I hear we’re all supposed to be reeling from high gas prices yet stoically soldiering on with our holiday travel plans anyway. I know this because the media has been telling me so all week long. The “you will travel” chorus has become increasingly shrill over the past two weeks, in concert with panic about rising gas prices. There’s a hint of desperation here, the sense that if people stay home this weekend the entire American economy will collapse and life as we know it will come to a screeching halt. Worried, much?
It finally reached a crescendo about a week ago, when the highway construction lobby, er, I mean, the AAA, issued a news release stating that Americans may stay closer to home but, by God, they will pack up the kids and hit the road this weekend.
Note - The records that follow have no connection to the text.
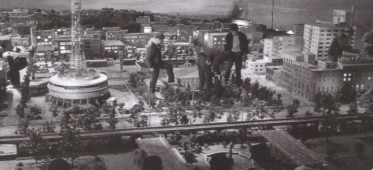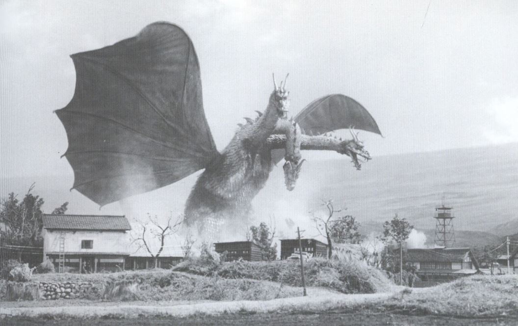 Crane apparatus allowing Ghidrah to fly.The elaborate, detailed miniature set constructed by Toho Technicians that will soon be destroyed by Ghidrah.The monsters attack! Godzilla, Rodan and Mothra battle Ghidrah.Shoichi Hirose inside the impressive Ghidrah costume.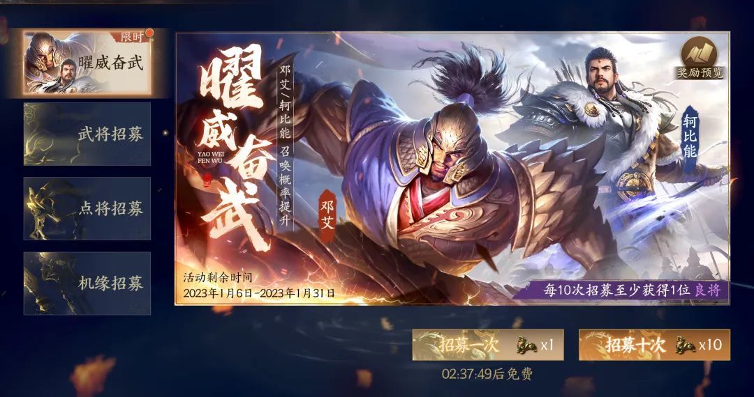 限时卡池“曜威奋武”现已开启,邓艾、轲比能上线!活动持续5天,想招募这两位名将的主公们可要抓紧时间了。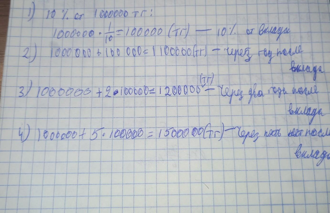 На банковский вклад положили 1 млн тг. Сколько будет на вкладе через год, два года, через пять лет, если банк начисляет 10% в год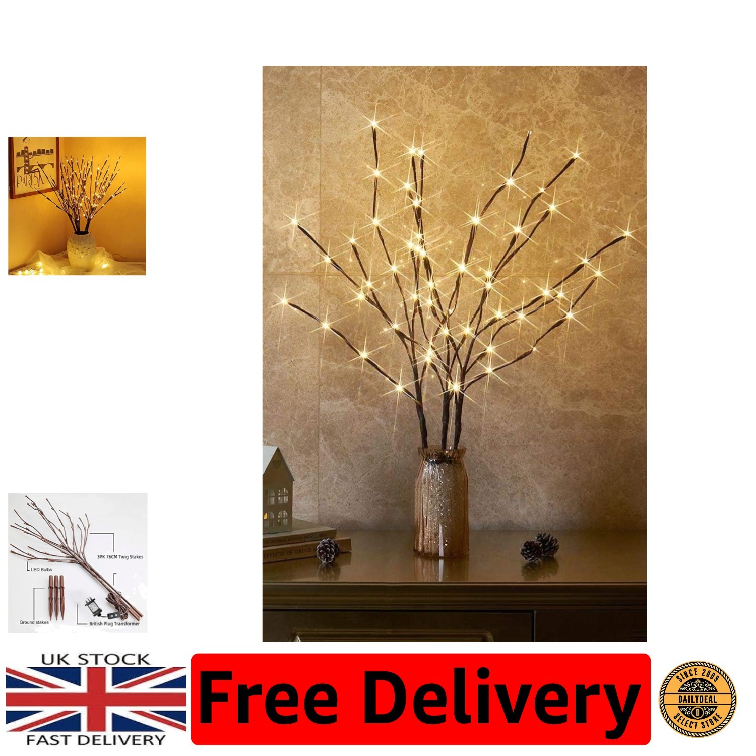 48 LED 4ft White Colour Twig Branch Tree Lights Plug In Christmas Xmas Decor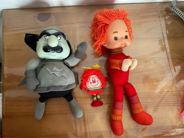 Lot de 3 poupées rainbow brite : - Romeo red sprite doll , - villain doll (grismine) et - red butler Année 1983 (vintage) Marque mattel Voir photos Envoi rapide et soigné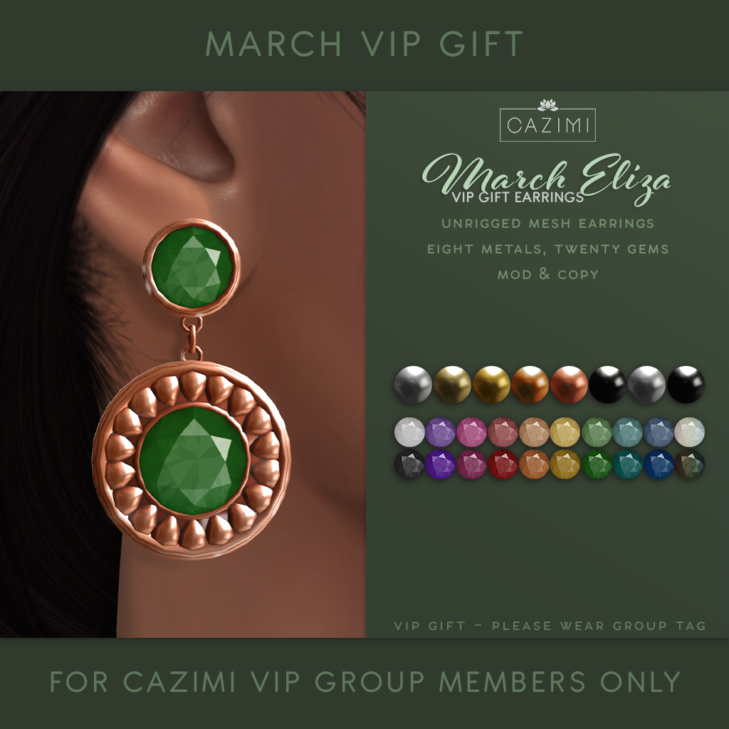 VIP members receive 5% cash back on regular in store purchases plus a monthly gift! 250L to join and there are now over 4 years of gifties available! Join by clicking the sign in store, in the VIP garden. Be sure to wear your group tag to click on the available gifts.

This hit the wires and has been dutifully stenoed by the mainstream media ever since.
Well, let me be the first to call bullshit on this one. I just drove from Nashville to Cincinnati on what is supposed to be the busiest driving weekend of the year and the traffic was surprisingly light. Big RVs were few and far between; I passed two in four and a half hours. There were plenty of 16-wheelers but cars and SUVs? Not so much.
Near as I can tell, Americans aren’t hitting the road in record numbers, no matter how much the AAA is telling them otherwise. At least, that’s what I’m seeing out here in my little patch of Middle America.